Alternative Pre-training Methods
While RBMs are the primary method described, the authors note that other architectures can be used for layer-wise pre-training. Discriminative pre-training, where layers are added and trained sequentially to minimize classification error, is also effective. Additionally, autoencoders can replace RBMs. An autoencoder minimizes the reconstruction error between input and output units, often with a bottleneck code layer.
As shown in the figure below:
The figure depicts an autoencoder structure with input, code, and output units. Variants like denoising autoencoders (corrupting inputs) or contractive autoencoders (penalizing gradients) are used to regularize the learning process, achieving performance comparable to RBMs in vision tasks, while sparse autoencoders have shown improvements in speech recognition.
Experiment
Deep neural networks with multiple hidden layers, particularly when pre-trained as deep belief networks, consistently outperform Gaussian mixture models across a range of speech recognition tasks, from small-scale phonetic classification on TIMIT to large-vocabulary systems like Bing Voice Search, Switchboard, and broadcast news. These experiments validate that using context-dependent tied triphone states as targets, leveraging multiple frames of acoustic input, and employing deeper architectures all contribute to substantial error reductions. Further investigations show that DNNs can also serve as effective feature extractors for GMM-HMM systems or as detectors of articulatory features, and that convolutional DNNs offer robustness to speaker and noise variability. Overall, the findings confirm that DNN-based acoustic models provide significant and consistent gains over state-of-the-art discriminatively trained GMM-HMM baselines.
Across five large vocabulary tasks, DNN-HMM systems consistently produced lower word error rates than GMM-HMMs trained on the same amount of data. When GMM-HMMs were given much more training data they could approach DNN-HMM performance, but DNN-HMMs still held an advantage on most tasks. The DNN-HMM achieved a 17.5% word error rate on English Broadcast News with only 50 hours of training, which was the best reported result for that setup. DNN-HMMs yielded lower error rates than GMM-HMMs trained on the same data across all five tasks, with relative improvements ranging from about 7% to over 30%. On the English Broadcast News task with only 50 hours of training data, the DNN-HMM achieved a 17.5% word error rate, which the paper reports as the best result on that benchmark.
Using AE-BN features consistently improved word error rates over GMM-HMM baselines across all LVCSR stages and both 50-hour and 430-hour training conditions. The absolute gain was more pronounced on the smaller dataset, and model combination of the two systems yielded additional reductions, confirming their complementary information. AE-BN features provided larger relative WER improvements on 50 hours of data than on 430 hours after full adaptation. Combining AE-BN and baseline systems further reduced WER, demonstrating complementarity between the approaches.

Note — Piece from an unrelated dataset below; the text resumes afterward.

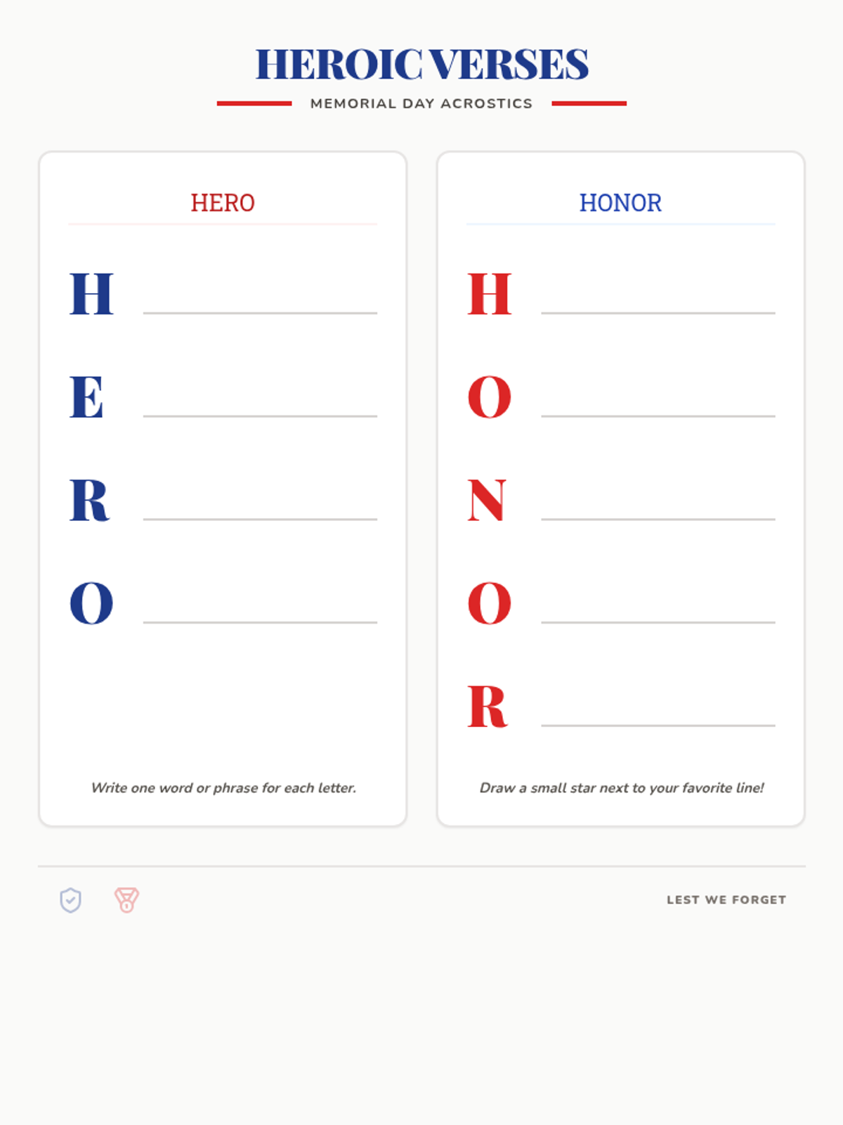 Two acrostic poem templates for the words "HERO" and "HONOR" with large decorative lettering and writing lines. Revised for better contrast, wider writing areas, and single-page fit.

In large vocabulary speech recognition experiments, DNN-HMM and systems using autoencoder bottleneck features were compared against GMM-HMM baselines. Both approaches consistently yielded lower word error rates, with the relative improvements being larger on smaller training sets; the DNN-HMM set a new state-of-the-art on a 50-hour English Broadcast News task, and the autoencoder features showed complementary value when combined with baseline models.